Methylation analysis of DCC gene in saliva samples is an efficient method for non-invasive detection of superficial hypopharyngeal cancer

Background Advances in upper gastrointestinal endoscopic technology have enabled early detection and treatment of hypopharyngeal cancer. However, in-depth pharyngeal observations require sedation and are invasive. It is important to establish a minimally invasive and simple evaluation method to identify high-risk patients. Methods Eighty-seven patients with superficial hypopharyngeal cancer and 51 healthy controls were recruited. We assessed the methylation status of DCC , PTGDR1 , EDNRB , and ECAD , in tissue and saliva samples and verified the diagnostic accuracy by methylation analyses of their promoter regions using quantitative methylation-specific PCR. Results Significant differences between cancer and their surrounding non-cancerous tissues were observed in the methylation values of DCC ( p = 0.003), EDNRB ( p = 0.001), and ECAD ( p = 0.043).
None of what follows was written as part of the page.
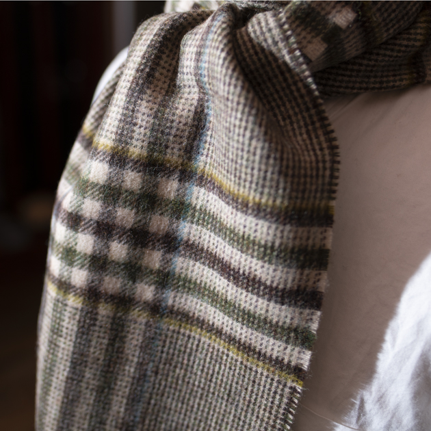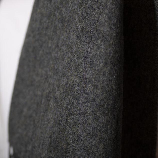 全体の雰囲気はグレーですが、よく御覧いただくとチャコール・グレー・オリーブの糸を掛け合わせて深い発色を実現。

Using receiver operating characteristic analyses of the methylation values in saliva samples, DCC showed the highest area under the curve values for the detection of superficial hypopharyngeal cancer (0.917, 95% confidence interval = 0.864–0.970), compared with those for EDNRB (0.680) and ECAD (0.639). When the cutoff for the methylation values of DCC was set at ≥0.163, the sensitivity to detect hypopharyngeal cancer was 82.8% and the specificity was 90.2%. Conclusions DCC methylation in saliva samples could be a non-invasive and efficient tool for early detection of hypopharyngeal cancer in high-risk patients.